The Information Commissioner enforces and oversees the Data Protection Act 1998 and the Freedom of Information Act 2000. The Commissioner is a UK independent supervisory authority reporting directly to the UK parliament and has an international role as well as a national one.
In the UK, the Commissioner has a range of duties including the promotion of good information handling and the encouragement of codes of practice for data controllers, that is anyone who decides how and why personal data (information about identifiable, living individuals) are processed.
Further material is available from the Office of the Information Commissioner.
The remit of the Tribunal is to hear appeals by data controllers against notices issued by the Information Commissioner under the Data Protection Act 1998, usually enforcement notices.
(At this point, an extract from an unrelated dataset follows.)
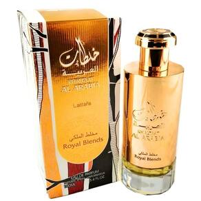 Lattafa Prestige Khaltat Al Arabia para spray unissex de eau de parfum, 3,4 onças - Khaltaat Al Arabia Royal Blends da Lattafa Perfumes é uma fragrância âmbar picante - Esta é uma nova fragrância para homens e mulheres - As notas principais são frutas e maçã - As notas médias são especiarias, noz-moscada e cravo - As notas de base são âmbar, almíscar e amadeirado

The Tribunal can now also hear appeals against enforcement notices or information notices issued by the Commissioner in regard to publication schemes under the Freedom of Information Act 2000. The Tribunal will be able, by January 2005, to hear all appeals under the Freedom of Information Act, as set out in Section V of the Act in addition to appeals under the Data Protection Act.
There is a separate National Security appeals panel of the Tribunal, members of which are designated and appointed by the Lord Chancellor to hear appeals under Section 28 of the Data Protection Act 1998. These appeals are against a certificate issued by a Minister of the Crown, providing conclusive evidence that the exemptions from the sections of the Data Protection Act 1998 identified in section 28(1) of the Act are required for the purposes of national security. Anyone directly affected by the issue of a certificate may appeal against it.